Retail sales get a spring in their step – CBI
Date published: 25 April 2019
Retail sales grew for the first time since November 2018 in the year to April, according to the latest monthly CBI Distributive Trades Survey.
The survey of 110 firms, of which 55 were retailers, showed that sales volumes rose for the first time in five months, likely supported by the later timing of Easter this year. Indeed, sales remained above average for the time of year. Orders placed on suppliers also grew and are expected to pick up further in the month ahead, with sales volumes also set to see somewhat faster growth.
However, while growth in online sales improved slightly, it remained far below its long-run average.
The picture for sub-sectors within retailing was mixed. Grocers and other normal goods (e.g. jewellery, flowers) were the two primary drivers being this month’s sales growth. But while grocers returned to growth this month, after seeing broadly flat sales in March, the rise in volumes was still below the long-run average. Furthermore, other sectors fared worse, with sales falling notably in clothing and department stores.

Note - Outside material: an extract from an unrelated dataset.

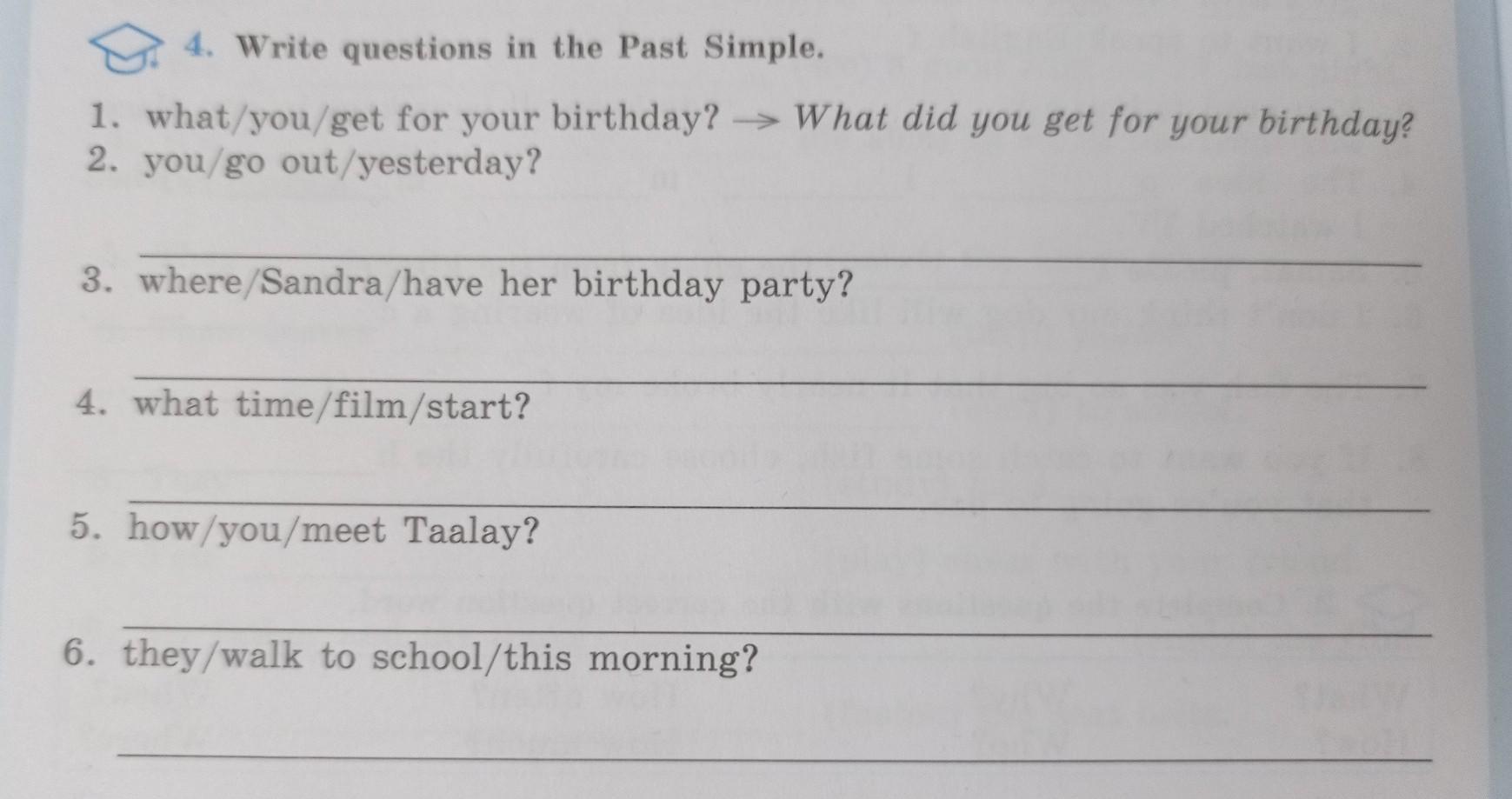 Write questions in the Past Simple. 1. what/you/get for your birthday? → What did you get for your birthday? 2. you/go out/yesterday? 3. where/Sandra/have her birthday party? 4. what time/film/start? 5. how/you/meet Taalay? 6. they/walk to school/this morning?

Elsewhere, wholesalers reported their weakest growth since June, with a decline in sales expected in the year to May – if realised, this would mark the fastest fall in six years. Motor traders also saw a return to growth in sales volumes, but expect a small fall next month. The survey showed further signs of stockpiling, with motor traders’ stocks relative to expected demand rising to their highest since December 2008.
Stockpiling is likely to have supported economic growth in early 2019 as a whole. However, as flagged by business surveys, underlying conditions remain more subdued, as Brexit uncertainty and slower global growth bites further on activity. For more detail on our view of the outlook, see our latest economic forecast.
Rain Newton-Smith, CBI Chief Economist, said: “It’s encouraging to see retailers with more of a spring in their step than in recent months. The recent pick up in real wages is a welcome support to the sector, making the pound in people’s pockets stretch that bit further.
“However, this month’s sales growth will have been distorted by the later timing of Easter, and falling sales in clothing and department stores underline how challenging underlying conditions remain.
“The Brexit extension means an economic crisis has been avoided, for now. However, uncertainty continues to drag on consumer confidence, and many retailers report an impact on their sales. Politicians now owe it to the country – its businesses and people – to come together in a total spirit of compromise, setting aside all party political lines, and agree a way forward to avoid a no deal Brexit.”
Key findings
Retailers:
- 49% of retailers said that sales volumes were up in April on a year ago, whilst 36% said they were down, giving a balance of +13%. This was broadly in line with expectations (+15%)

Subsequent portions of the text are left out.